__INSTRUCTIONS FOR THE TASK__: The whole listing below should be retyped exactly, without any images.

__GIVEN MATERIAL__:
++++++
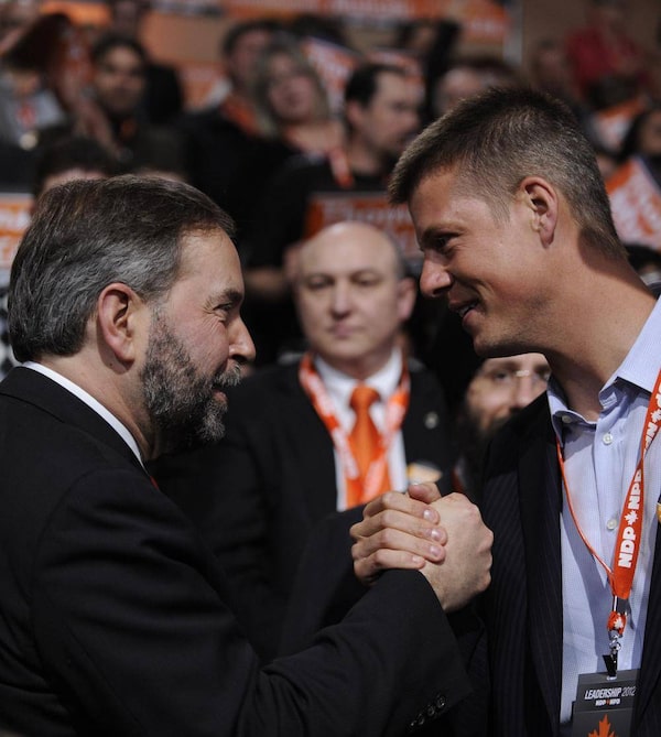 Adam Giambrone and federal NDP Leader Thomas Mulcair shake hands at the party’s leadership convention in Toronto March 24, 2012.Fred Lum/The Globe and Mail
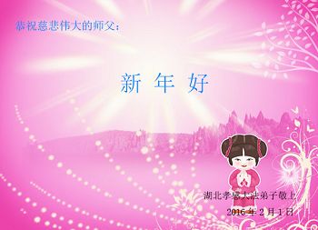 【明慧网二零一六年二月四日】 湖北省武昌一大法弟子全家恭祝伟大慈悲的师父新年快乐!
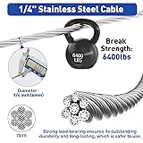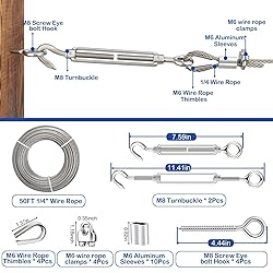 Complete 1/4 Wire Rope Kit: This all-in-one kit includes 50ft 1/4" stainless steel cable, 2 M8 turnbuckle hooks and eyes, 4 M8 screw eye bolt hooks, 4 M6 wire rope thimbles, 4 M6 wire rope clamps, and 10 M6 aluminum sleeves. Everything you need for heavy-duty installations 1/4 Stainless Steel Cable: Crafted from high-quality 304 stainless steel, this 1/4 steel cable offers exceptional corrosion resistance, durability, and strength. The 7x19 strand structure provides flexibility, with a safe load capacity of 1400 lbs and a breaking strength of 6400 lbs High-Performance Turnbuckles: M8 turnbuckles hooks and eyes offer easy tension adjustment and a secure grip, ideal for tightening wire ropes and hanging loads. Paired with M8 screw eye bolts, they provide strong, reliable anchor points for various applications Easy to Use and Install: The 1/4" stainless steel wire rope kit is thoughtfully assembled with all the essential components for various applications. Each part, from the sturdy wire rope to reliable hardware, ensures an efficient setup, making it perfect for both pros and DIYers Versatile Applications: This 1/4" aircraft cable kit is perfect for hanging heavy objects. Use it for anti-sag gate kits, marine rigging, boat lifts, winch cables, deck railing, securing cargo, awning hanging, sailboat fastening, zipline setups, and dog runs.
++++++
__TASK OUTPUT__:
 Adam Giambrone and federal NDP Leader Thomas Mulcair shake hands at the party’s leadership convention in Toronto March 24, 2012.Fred Lum/The Globe and Mail
 【明慧网二零一六年二月四日】 湖北省武昌一大法弟子全家恭祝伟大慈悲的师父新年快乐!
 Complete 1/4 Wire Rope Kit: This all-in-one kit includes 50ft 1/4" stainless steel cable, 2 M8 turnbuckle hooks and eyes, 4 M8 screw eye bolt hooks, 4 M6 wire rope thimbles, 4 M6 wire rope clamps, and 10 M6 aluminum sleeves. Everything you need for heavy-duty installations 1/4 Stainless Steel Cable: Crafted from high-quality 304 stainless steel, this 1/4 steel cable offers exceptional corrosion resistance, durability, and strength. The 7x19 strand structure provides flexibility, with a safe load capacity of 1400 lbs and a breaking strength of 6400 lbs High-Performance Turnbuckles: M8 turnbuckles hooks and eyes offer easy tension adjustment and a secure grip, ideal for tightening wire ropes and hanging loads. Paired with M8 screw eye bolts, they provide strong, reliable anchor points for various applications Easy to Use and Install: The 1/4" stainless steel wire rope kit is thoughtfully assembled with all the essential components for various applications. Each part, from the sturdy wire rope to reliable hardware, ensures an efficient setup, making it perfect for both pros and DIYers Versatile Applications: This 1/4" aircraft cable kit is perfect for hanging heavy objects. Use it for anti-sag gate kits, marine rigging, boat lifts, winch cables, deck railing, securing cargo, awning hanging, sailboat fastening, zipline setups, and dog runs.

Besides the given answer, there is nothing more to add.